A pesar de que le había insistido mil veces para que me tuteara, era casi imposible que un mexicano que atiende a una güerita extranjera en un café pueda permitirse hacerlo. Ya me había acostumbrado.

—Sí —le respondí entre lágrimas—. No sé cómo quedó, pero tampoco quiero saber.

Me levanté de la silla para poder recibir esos brazos extendidos que en un impulso me esperaban. En todos esos meses de tardes compartidas, Juan Manuel y yo nunca habíamos tenido contacto, pero su presencia en el café poco a poco se había transformado en mi sostén; me traía un café en el momento justo, la quesadilla o el bisquet cuando mis tripas sonaban y yo ni me daba cuenta de que tenía hambre; o venía a conversar un ratito cuando, no sé cómo, notaba que estaba estancada. Entonces, me hacía reír con un chiste o alguna anécdota que nunca sabré si era real. Cuando alguna palabra que me decía viajaba en mi cabeza hacia atrás a algún punto de la historia de mis personajes, inmediatamente sabía que tenía que desaparecer para dejarme continuar e inventaba que lo llamaban de alguna mesa.
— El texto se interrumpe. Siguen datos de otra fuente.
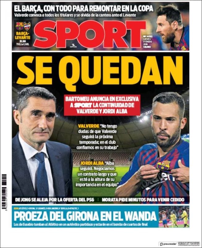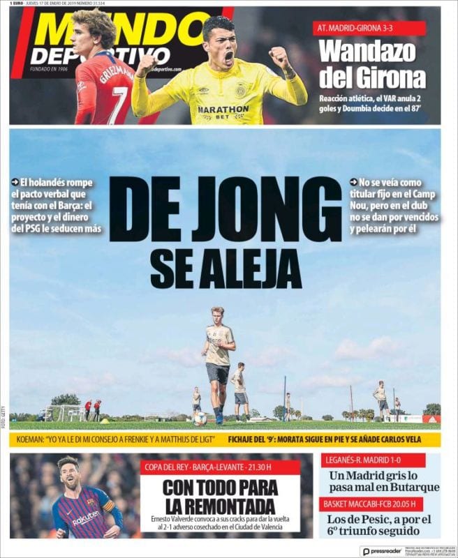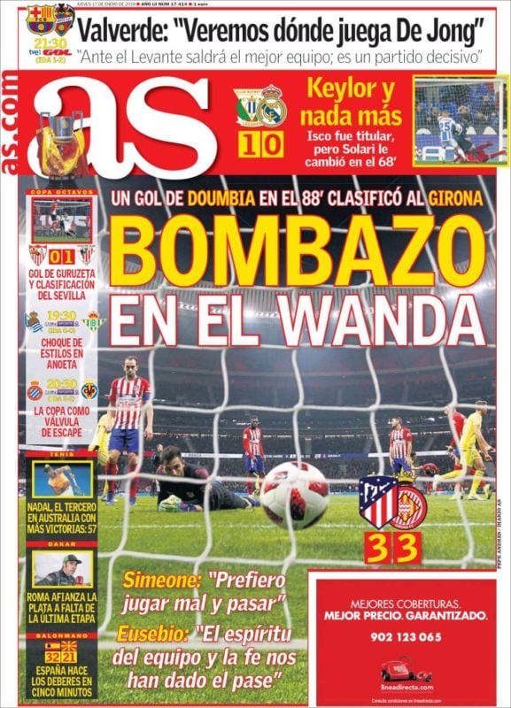 Anoche cuando me acosté tuve un sueño. Soñé que esta mañana al levantarme encontraría en la prensa palos al Atlético de Madrid por su ridícula eliminación frente al potentísimo Girona y cierta condescendencia(aunque no mucha, la verdad)con el Madrid por su intrascendente derrota de anoche en Leganes, que dadas las circunstancias (lesiones, descansos y eliminatoria resuelta)no era más que eso, intrascendente.
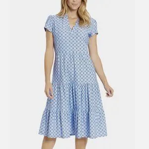 Sky blue midi dress with small all-over geometric print. Short sleeves and subtle V-neck. Fitted waist with flowing tiered skirt. Lightweight and effortlessly feminine.
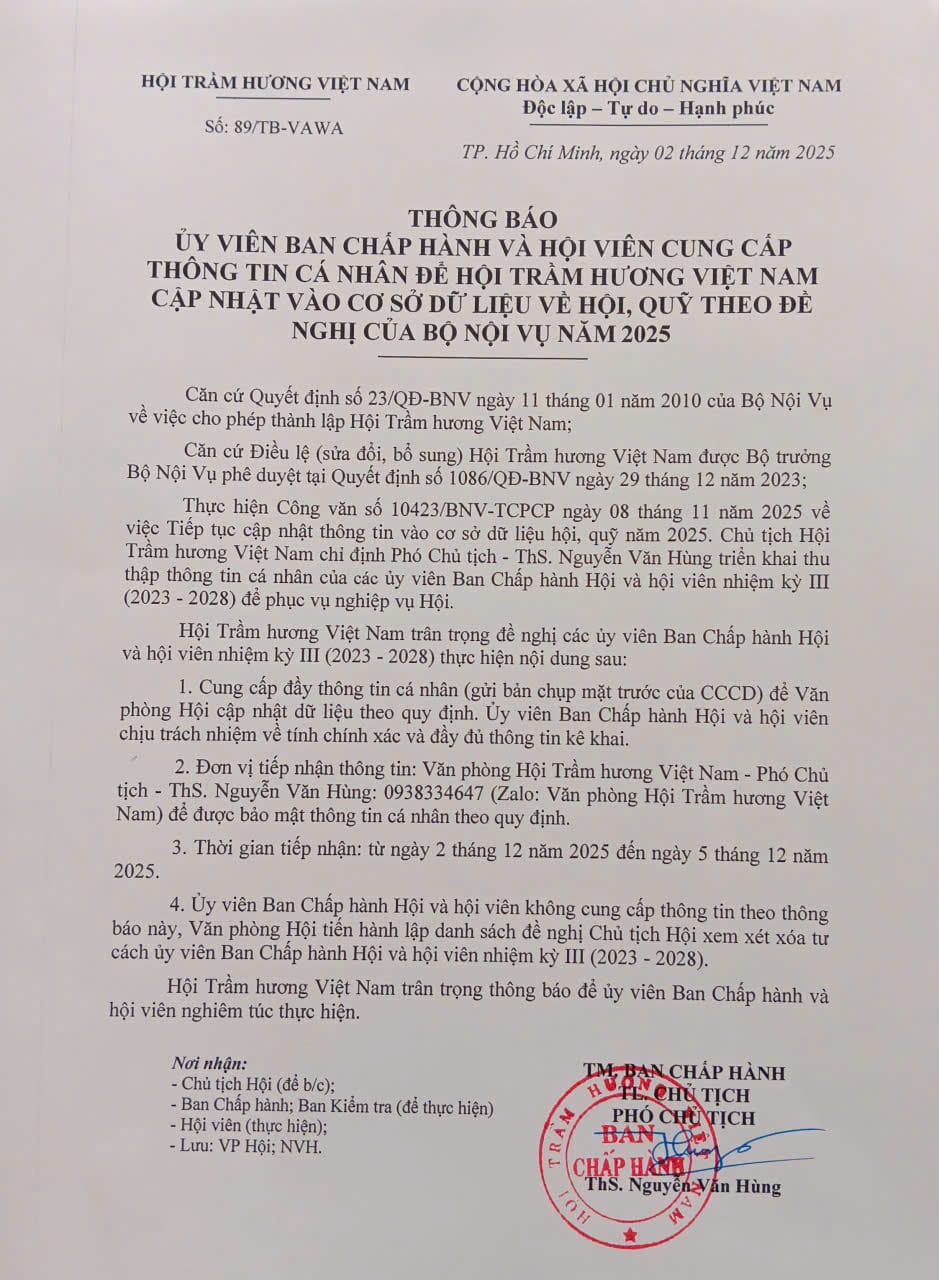 Thông tin & Cập nhật từ Hội Trầm Hương Việt Nam

Mis tardes en el café habían sido la manera que, sin buscarla, había encontrado para terminar la tarea que en un principio había surgido natural, para doler luego como un parto. Esa historia estaba metida tan dentro de mi piel y corría tan fuerte en mi sangre que poder sacarla, compartirla, contarla, equivalía a un período de varias cirugías luego de un accidente grave. Durante todo este proceso, a veces me sentí una niñita indefensa, otras una mujer protectora y algunas más una joven confundida. Sentí en mi piel los dolores de mis padres niños, vibró en mi sangre la esperanza de sus corazones lastimados al conocerse y lloré sus desencuentros como si los estuviera viviendo yo, nuevamente.
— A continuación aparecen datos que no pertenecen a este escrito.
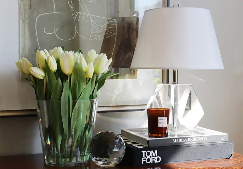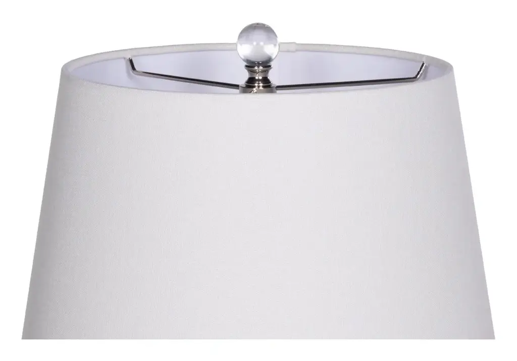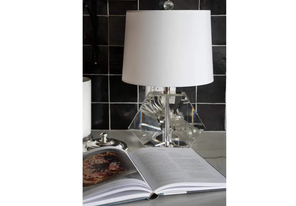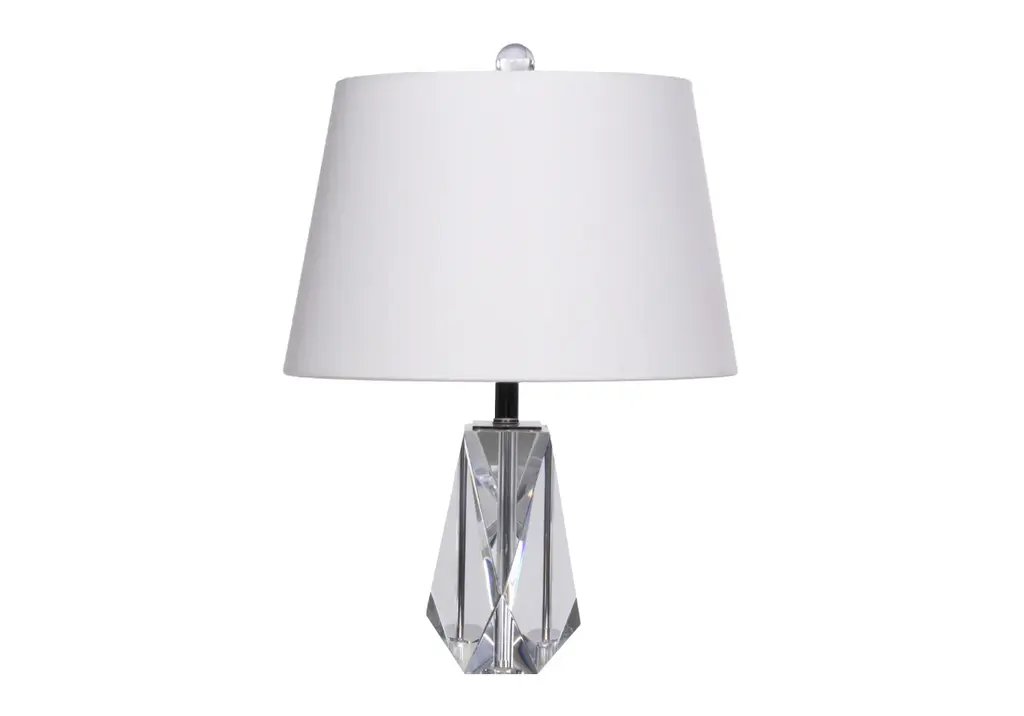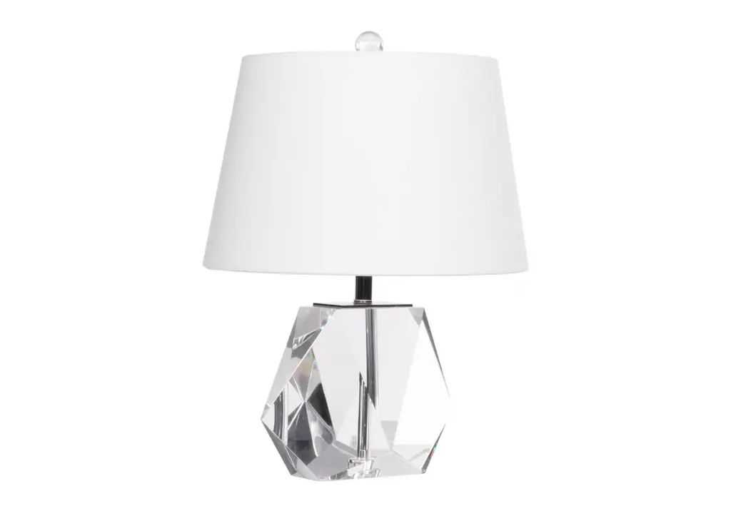 The Birdie lends a glamorous, dimensional style with its geometric solid K1 crystal base, petite size, and round linen shade.

Juan Manuel soltó el abrazo, turbado por lo que se había permitido hacer, y pude ver que las lágrimas visitaban sus ojos. Creo que sabía que a partir de ahora no nos veríamos más. Respiré hondo para absorber el olor a café de olla y pan dulce de ese lugar que había sido mi refugio todo este tiempo. Le pedí un último café. Me senté en la mesa y volví a abrir la computadora. Cerré el archivo que había dejado abierto y busqué entre los documentos guardados ese primer capítulo que había brotado de mí casi sin que yo me diera cuenta…


JUAN – UN NIÑO ENCERRADO EN EL CUERPO DE UN HOMBRE

A la edad en que un niño debe jugar, él conoció la pobreza, la guerra, el hambre y el abandono.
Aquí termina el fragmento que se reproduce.